Occorre subito mettere dietro le Tv arbitri o commissari di campo usciti dal ruolo, con esperienza sul terreno di gioco,  invece che designazioni allucinogene di giovanotti in piena maturazione arbitrale o di arbitri arrivati, qualcuno dalla porta di servizio, in serie A e in serie B. Se il budget di ogni singolo arbitro diminuisse, pazienza, anche perché tutto succede in ogni giornata di campionato. Basta vedere le designazioni dove assistenti, quarto uomo e Avar arrivano dalla stessa regione della squadra prima nominata.

Altra soluzione potrebbe essere quella di mandare in campo arbitro e collega di cui si fida dietro la TV. Le famose terzine in campo del passato, sempre le stesse, che avevano dato risultati.
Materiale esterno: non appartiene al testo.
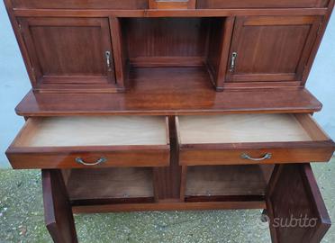 Antica d'epoca inizio 1900 credenza doppio corpo vetrina stile liberty art nouveau. Con vetri piombati motivo romboidale e molati. Parte inferiore con due ante con ripiano interno e due cassetti. Nella parte superiore presenti 4 ante con ripiani interni. Maniglie e fregio originali in ottone.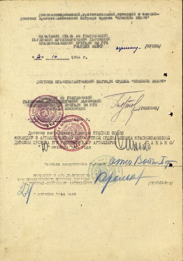 - Центральный Архив Министерства Обороны РФ. Наградные листы: опись 690306, дело 640, лист 49 и дело 1333, лист 164.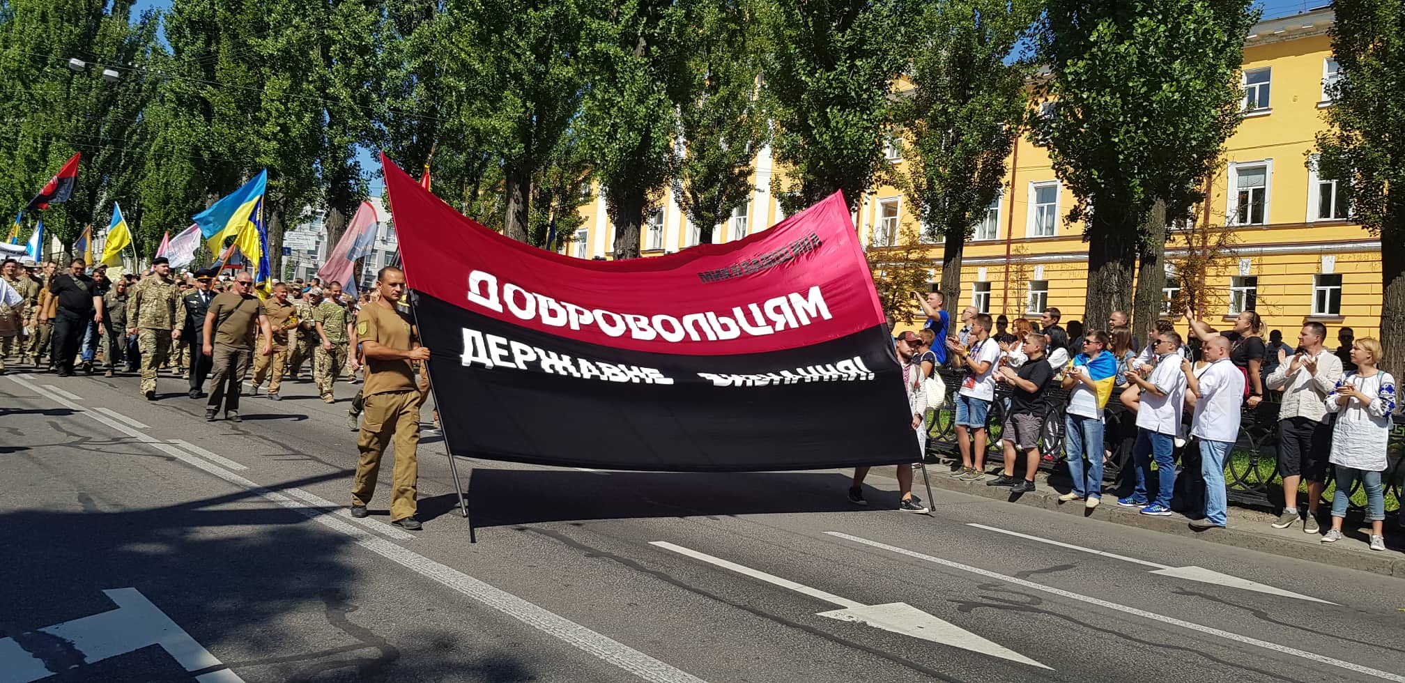 С 11:00 до 13:00 свое шествие проведут и националисты. "Марш защитников Украины", в котором заявлены участники АТО, семьи погибших и волонтеры, пройдет от парка Шевченко до Майдана. Там во второй раз за день исполнят гимн. После этого военные капелланы ПЦУ проведут молебен по погибшим на Михайловской площади.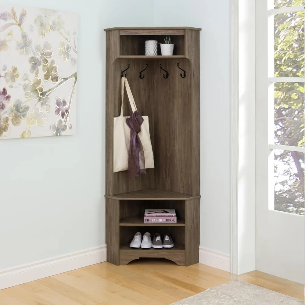 - Prepac Corner Hall Tree has a compact functional design that is ideal for tight entryways, hallways, and mudrooms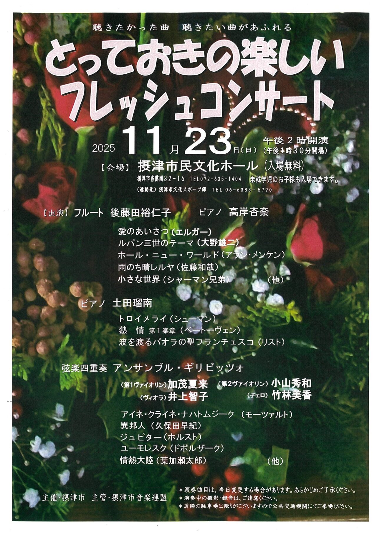 【摂津市】11/23祝日・入場無料「とっておきの楽しいフレッシュコンサート」―心温まるクラシックの午後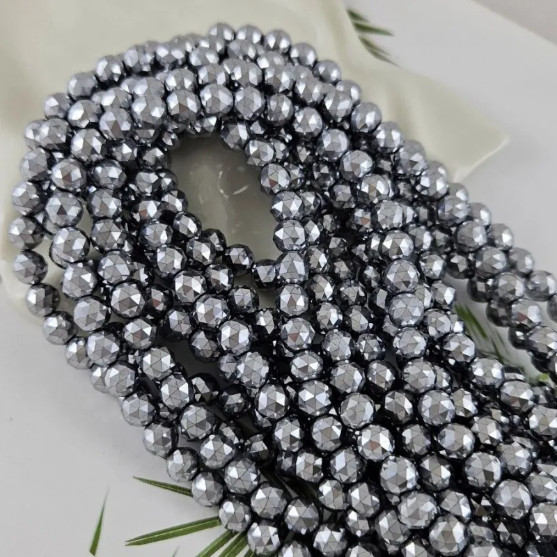 Гранёные бусины с зеркальной поверхностью создают завораживающую игру бликов, напоминающую огранённые драгоценные камни. Платиновый цвет выглядит благородно и стильно, отлично сочетается с другими материалами — от матового бисера до глянцевых вставок. Ювелирная огранка придаёт украшению премиальный вид, а крупный размер бусин делает изделие заметным и выразительным.
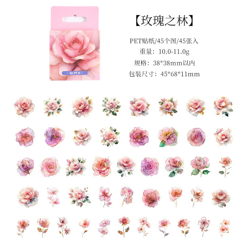 45 Pcs Pink Flower Stickers FSHJ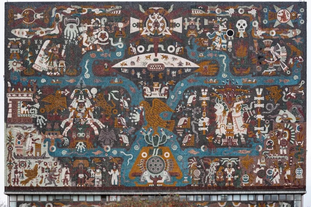 5、值得了解的南美艺术作品:格扎尔羽毛头饰(维也纳世界博物馆),墨西哥国立自治大学图书馆壁画,墨西哥城地铁标识设计等;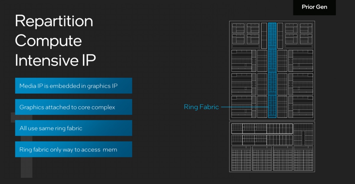 我们一个个来看。首先是“计算密集型IP重新划分”——大致上体现在几个方面,过去monolithic时代的酷睿处理器设计,媒体编解码器是和核显(graphic IP)是放在一起的;而核显则挂在LLC(L3 cache)上——前文也提到了这一点。下面这张图展示了ring fabric将这些IP串起来。
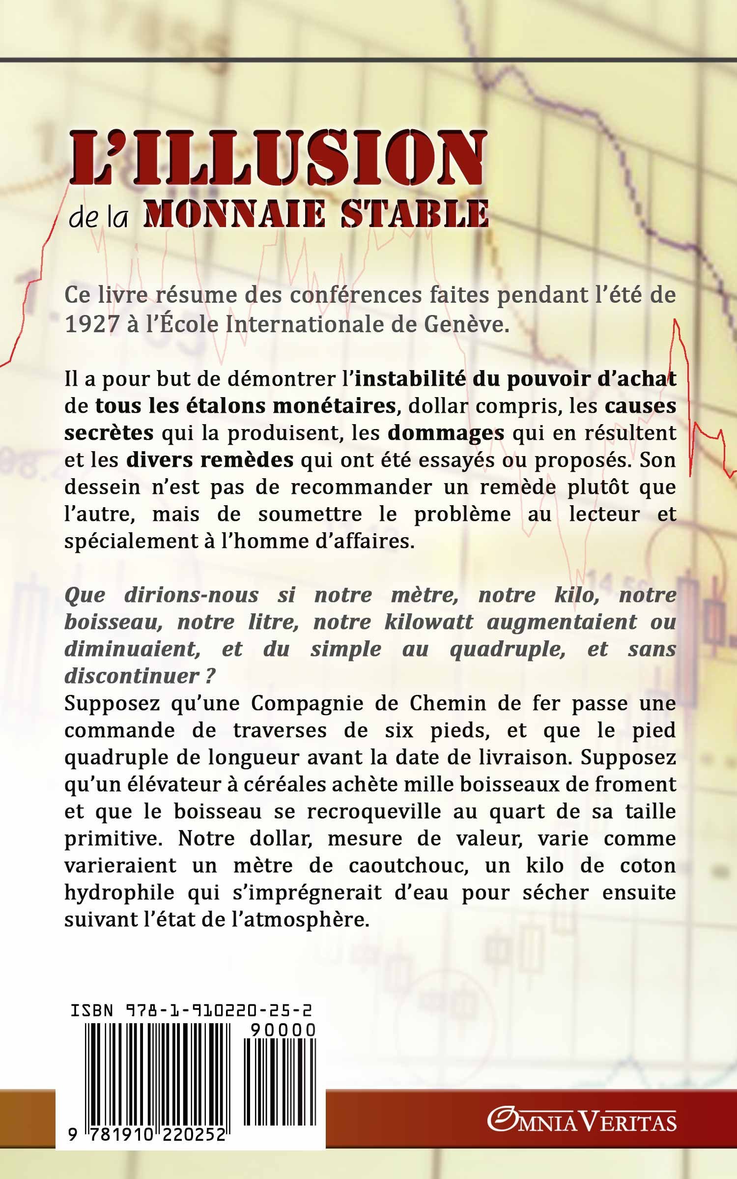 Supposez qu’un élévateur à céréales achète mille boisseaux de froment et que le boisseau se recroqueville au quart de sa taille primitive. Notre dollar, mesure de valeur, varie comme varieraient un mètre de caoutchouc, un kilo de coton hydrophile qui s’imprégnerait d’eau pour sécher ensuite suivant l’état de l’atmosphère.

La soluzione di Nicchi di dare i voti partita per partita ad arbitro, assistenti e VAR per non ricadere in altro caso Gavilucci, non ha dato risultati. L’unico problema che sarà sempre di numeri quando si faranno i conteggi finali. Per sopperire a tutto, continuando a fare il Gattopardo, basta aumentare il voto a chi si vorrà far passare la prossima stagione in B e in A. In casa AIA si vocifera che il prossimo anno  potrebbe finire la classificazione tra arbitri di serie A e B, divisione assurda del 2010 di Nicchi e Collina che sta lasciando la categoria arbitrale in braghe di tela considerato che sono stati pochi i direttori di gara che hanno avuto la possibilità di crescere e di mettersi in evidenza.
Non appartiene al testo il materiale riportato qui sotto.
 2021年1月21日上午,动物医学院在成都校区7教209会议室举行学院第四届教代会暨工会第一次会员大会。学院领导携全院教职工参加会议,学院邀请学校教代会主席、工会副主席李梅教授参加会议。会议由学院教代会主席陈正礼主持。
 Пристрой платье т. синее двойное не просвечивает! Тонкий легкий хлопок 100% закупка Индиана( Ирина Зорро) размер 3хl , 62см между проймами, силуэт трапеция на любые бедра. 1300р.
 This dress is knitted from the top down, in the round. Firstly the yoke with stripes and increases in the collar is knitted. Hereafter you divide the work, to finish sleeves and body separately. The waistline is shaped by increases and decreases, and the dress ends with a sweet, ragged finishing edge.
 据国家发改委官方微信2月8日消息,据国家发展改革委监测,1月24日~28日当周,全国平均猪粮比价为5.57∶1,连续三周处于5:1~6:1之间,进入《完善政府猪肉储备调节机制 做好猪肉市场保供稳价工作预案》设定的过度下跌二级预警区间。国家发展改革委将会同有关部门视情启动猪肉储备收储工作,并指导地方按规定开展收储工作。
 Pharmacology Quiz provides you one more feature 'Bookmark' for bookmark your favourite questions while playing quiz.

Salvare il soldato VAR dagli arbitri? Il problema non può essere la tecnologia ma chi la utilizza e gli accordi che si prendono prima di una gara. Una volta i rigori non si segnalavano, ma si facevano capire al primo arbitro mettendosi la bandierina in mezzo alle gambe. Adesso l’assistente non conta nulla, il fuorigioco ormai è multimediale. Sono in campo solo per le rimesse laterali e calci d’angolo.

Il momento psicologico della classe arbitrale è difficile e complesso: “se assecondo la televisione, do ragione a chi dice che non contiamo più nulla. Se non la assecondo sbaglio di mio e mantengo una inopportuna, antiquata indipendenza di giudizio che non può più esserci dall’arrivo del VAR“.
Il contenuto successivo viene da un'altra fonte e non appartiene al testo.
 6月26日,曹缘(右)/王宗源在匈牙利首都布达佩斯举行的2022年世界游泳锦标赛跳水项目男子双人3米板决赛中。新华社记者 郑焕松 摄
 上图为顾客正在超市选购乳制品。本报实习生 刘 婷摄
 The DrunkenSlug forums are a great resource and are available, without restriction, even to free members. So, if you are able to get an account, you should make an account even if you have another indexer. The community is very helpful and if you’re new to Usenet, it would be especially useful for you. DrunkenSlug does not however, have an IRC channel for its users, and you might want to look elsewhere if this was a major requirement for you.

Gli arbitri che vorranno fare strada hanno gli elementi da utilizzare: applicare il Regolamento e non fare i Ponzio Pilato ribaltando le parole “principi” che hanno scombussolato arbitri e tecnologia: “chiaro e evidente errore”. Nel dubbio, anche se non evidente e chiaro, è meglio andare davanti alla TV. Pazienza se le gare dureranno di più. Per sopperire a tutto ciò prossimamente discuteranno dell’orario effettivo di gara 60’. L’orologio si fermerà quando il pallone non rotola sul terreno di gioco.